INTRODUCTIONIn articles published the last couple of days, I have argued that a
prima facie case can be made that Bush committed Obstruction of Justice by lying to Fitzgerald about authorizing Libby to disclose a classified CIA National Intelligence Estimate (NIE). During questioning by Fitz in June 2004, Dubya had denied any role in the White House effort to out Plame and discredit her husband, Ambassador Joseph Wilson. I said it was perhaps unwise at this point to make accusations beyond that simple and self-evident fact that Bush lied to Fitz when the President was interviewed. The leak of the NIE, I wrote, involves legal and factual issues that are more easily spun and confused by White House apologists, and that we might best keep the message simple. Bush lied - he committed Obstruction of Justice.

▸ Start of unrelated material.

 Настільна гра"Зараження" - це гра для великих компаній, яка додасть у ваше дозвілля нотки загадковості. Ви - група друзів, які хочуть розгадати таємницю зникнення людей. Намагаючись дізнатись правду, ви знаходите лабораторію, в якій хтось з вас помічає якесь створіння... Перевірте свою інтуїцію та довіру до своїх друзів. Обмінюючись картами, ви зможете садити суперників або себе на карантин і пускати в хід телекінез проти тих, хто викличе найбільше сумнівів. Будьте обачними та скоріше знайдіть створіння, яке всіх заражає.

I did suggest, however, that alternative grounds for prosecuting Bush should be discussed. The article that follows traces out the evidence for prosecution of the President and his men for other charges, including conspiracy to reveal Plame as a covert CIA agent, a crime punishable under the Intelligence Identities Protection Act (IIPA) of 1982.

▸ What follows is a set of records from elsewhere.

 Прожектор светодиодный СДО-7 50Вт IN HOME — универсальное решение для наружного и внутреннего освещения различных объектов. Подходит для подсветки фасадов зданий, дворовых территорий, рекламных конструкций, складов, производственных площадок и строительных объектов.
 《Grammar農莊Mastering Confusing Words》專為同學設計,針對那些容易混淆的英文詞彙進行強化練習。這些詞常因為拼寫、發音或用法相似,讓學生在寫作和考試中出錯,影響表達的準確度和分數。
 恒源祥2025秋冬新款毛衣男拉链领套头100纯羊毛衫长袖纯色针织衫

Did Bush Out Plame?Last Thursday, the story broke that Libby had testified before the Plame Grand Jury that President Bush authorized him to disclose a classified 59-page CIA National Intelligence Estimate (NIE). That document, identifying Valerie Wilson as a CIA weapons analyst, was leaked by Libby to NYT reporter Judith Miller ten days before the Agency first declassified it in part.
By his summary declassification, prior to the normal action by the head of the Agency, Bush set off the chain of events that directly lead to the public disclosure by columnist Robert Novak of an non-official cover CIA analyst working under her maiden name, Valerie Plame. This leak also led to the CIA Director "taking it in the chest" for faulty Iraq WMD intelligence, and a bitter struggle between the CIA and the White House over blame for the failed Iraq occupation.
The prosecution of the Plame leak was originally requested by the CIA Inspector General following a report finding massive and long-tern damage had been done to the ability of the covert CIA nuclear proliferation unit Plame had been assigned to as an analyst working on Middle East WMD programs.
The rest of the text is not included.